What is a sitemap?
A sitemap is a list (or lists) of links that represent part of a website or the totality of a website. Sitemaps can contain more information about the content like creation date, last update, importance, run-time, content rating, etc. For optimal results, a sitemap should update dynamically when new content is added, but there may be instances where a static sitemap is all you can manage.
A sitemap is not necessary for proper SEO, but is highly recommended and usually easy to implement. If you have a small site, and the pages are linked together well, you might not need a sitemap. It becomes more important for larger sites that publish fresh content often.

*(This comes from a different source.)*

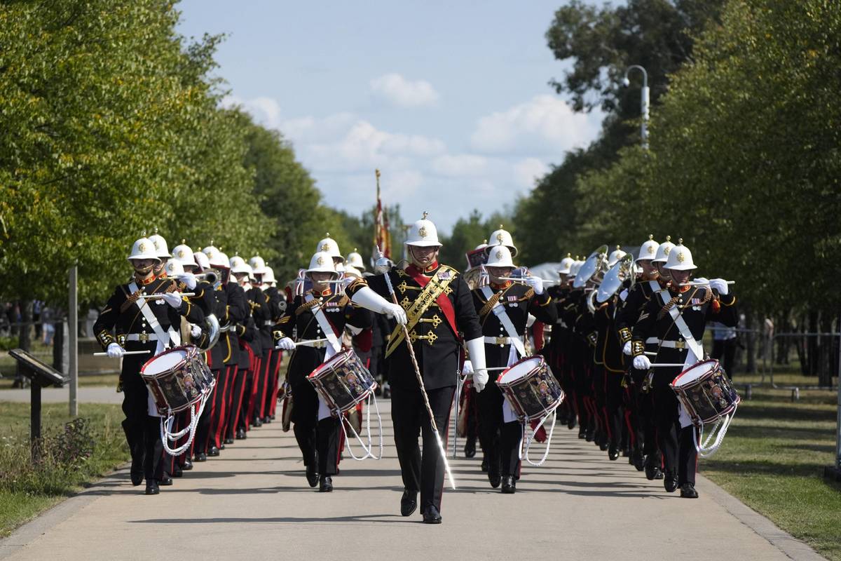 Členové Royal Marines Band Service pochodují v části areálu National Memorial Arboretum.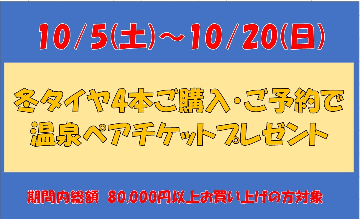 冬物早期割引イベント 先着25名 冬タイヤ4本予約購入で温泉ペアチケットが貰えるかもキャンペーン

A sitemap is a good way to let search engines know about all the pages on your website, but it should not be depended on as the sole way to discover pages on the site. Creating a strong site structure with relevant contextual linking is still very important to a search engine’s understanding of a site.
We will review a couple of different types of sitemaps: XML sitemap and HTML sitemap.
What is an XML sitemap?
An XML sitemap is a list of links in a standard markup language that Google prefers. This language provides additional metadata and context to a list of items. You can reference this page on the XML sitemap standard.
You can submit your XML sitemap to Google directly in Google Search Console, or by linking to your sitemap in your robots.txt file. For very large sites, you may need an XML sitemap index page that lists multiple XML sitemaps. This can simply be split into manageable sizes or organized by type of content.
Google offers guidelines on creating special XML sitemaps for Video, Images and News. By creating one of these special sitemaps, you can be included in a more rich search experience from Google. This article will focus on sitemaps for website pages only.
What are the guidelines for XML sitemaps?
Google shares best practices for XML sitemaps. A quick summary of the main things to be concerned with:
- Use fully qualified, absolute URLs that are status 200.
- Don’t submit relative URLs. Include the full URL, starting with https:// or http:/, including subdomain (if used) and the domain.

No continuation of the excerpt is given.